El cerebro tiene sexo. Eso parecen apuntar los últimos datos científicos. Y si el cerebro es distinto, resultará cada vez más difícil negar las diferencias entre mujeres y hombres. Yo le sugiero al lector que, antes de profundizar conjuntamente sobre este tema, recordemos algo fundamental: no es posible analizar el cerebro de los casi siete mil millones de habitantes del planeta; o sea, que tenemos que trabajar con datos experimentales promediados. No podemos decir nada sobre los casos individuales, porque una persona concreta puede ser típica o atípica para su sexo. Tal como le gustaba apostillar al propio Karl Marx: «Lo que es verdad de una clase, puede no serlo de un individuo».
La teoría clásica sobre la diferenciación entre cerebro masculino y femenino radicaba en la diferencia en el lenguaje —mejor en el promedio de mujeres— y en la habilidad espacial —mejor en los hombres—. Pero hay investigaciones que dan un paso más allá y encuentran un componente biológico, incluso genético, que hace que el cerebro tenga un sexo específico.

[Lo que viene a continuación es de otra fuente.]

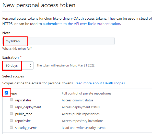4. 토큰이름과 기한 작성 후 허용할 범위 선택 (별다른 특이사항이 없다면, repo만 선택해도 무방)

Una palabra clave aquí es la empatía, esa capacidad de reconocer las emociones y los pensamientos de otra persona, pero también de responder emocionalmente a los pensamientos y sentimientos de esa persona. La empatía es algo de lo que ambos sexos son capaces. Pero cuando se realizan pruebas, hay indicios de que las mujeres tienen un interés y un impulso mayor hacia la empatía. La neuropsiquiatra Louann Brizendine, de la Universidad de Stanford, asegura que «la zona de la unión temporoparietal, una región asociada con la empatía cognitiva y el procesamiento de la parte cognitiva de las emociones, está más activa en las mujeres» así como «el otro sistema de procesamiento de emociones del cerebro: el sistema de las neuronas espejo. Esta zona está presente tanto en el cerebro masculino como en el femenino, pero el cerebro de las mujeres tiene más neuronas espejo e incluye un sistema más activo de lo que se denomina empatía emocional. Es el sistema que se activa si miro a una persona y esa persona está sintiendo una emoción». Los hombres, en cambio, según esta neuropsiquiatra, «tienden a recurrir al sistema de neuronas espejo brevemente, y luego pasan al sistema de las uniones temporoparietales (TPJ, por sus siglas en inglés), que es el sistema de la empatía cognitiva, la que busca una solución».